Y tampoco nos valen los líderes que sólo saben de mítines y arengas en las que se busca la aprobación de los militantes. Predicar al coro nunca sirvió de mucho. Sentirte aplaudido por los fieles es el objetivo de los incapaces. Buscar la aprobación de los gurús, de los líderes inmaculados, sólo sirve para alimentar el ego y alejarnos de la calle, ese espacio en donde nada es inmaculado. Ahora, más que nunca, se necesita una comunicación conciliadora donde esté presente la diversidad, donde podamos conocer todos los elementos en disputa y, sobre todo, una comunicación plural donde concederles a los disconformes la posibilidad de que expresen sus puntos de vista, porque en ellos habrá, seguro, alguno o algunos razonables, legítimos (que diría Galtung).
Explorar estos nuevos territorios exige, como es sensato, buscar un punto de equilibrio que no sacrifique las bondades de esos otros discursos, esos nuevos discursos, adaptados a los receptores que han de recibirlos y entenderlos (como paso previo a cualquier acción). Quiero decir que discrepar no es callar, ni un periodismo de precisión obliga a silenciar conceptos que son incómodos para determinadas audiencias. El silencio, como nos recuerda Boykoff citando a otros especialistas (Geiger, Middlewood, Swim, Leombruni…), “puede dar a la sociedad la idea de que el cambio climático quizás no sea un problema importante o una amenaza, y también desperdicia oportunidades de hacer frente a la desinformación y al escepticismo de cara al público”.

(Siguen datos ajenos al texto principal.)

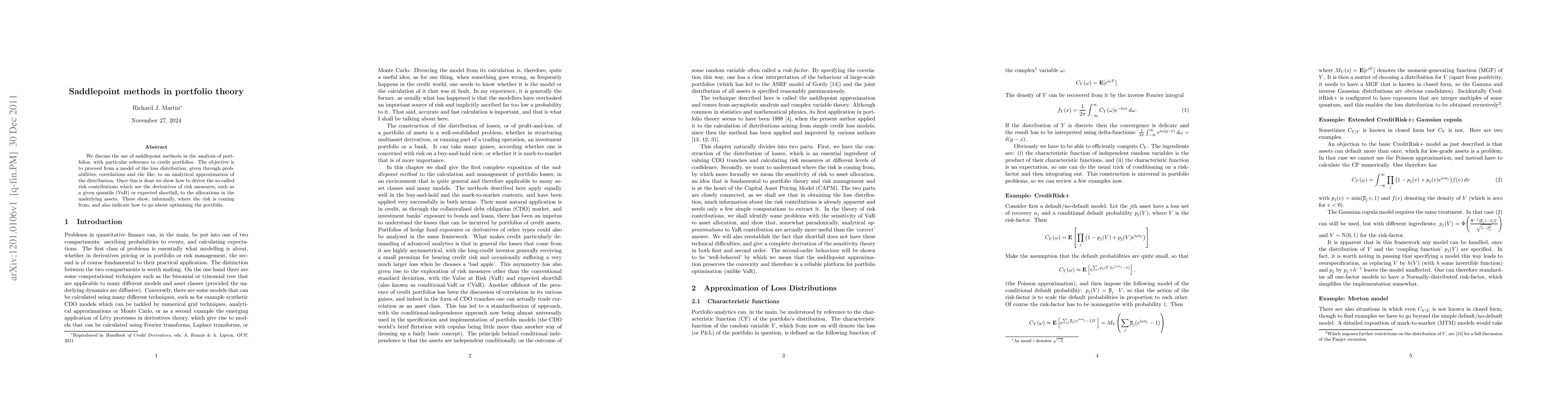 This paper explores saddlepoint methods for analyzing credit portfolios, aiming to derive an analytical approximation of the loss distribution. It also demonstrates how to compute risk contributions, which help identify risk sources and guide portfolio optimization.

La lucha contra el cambio climático, que sólo tiene sentido (dada la magnitud del fenómeno y la urgencia en la toma de decisiones) si a ella se suman ciudadanos de toda condición, necesita de un nuevo lenguaje, un discurso actualizado y plural, el diseño (colaborativo) de una comunicación (creativa) de precisión, adaptada, como sostiene Boykoff y como defendemos algunos periodistas (¿pocos?), al contexto y a las señas de identidad de las audiencias (en plural, porque no existe una audiencia única, aunque traten de convencernos de lo contrario). Seguir con lo de siempre (también en lo que se refiere a la comunicación) es renunciar a que nos entiendan y nos acompañen.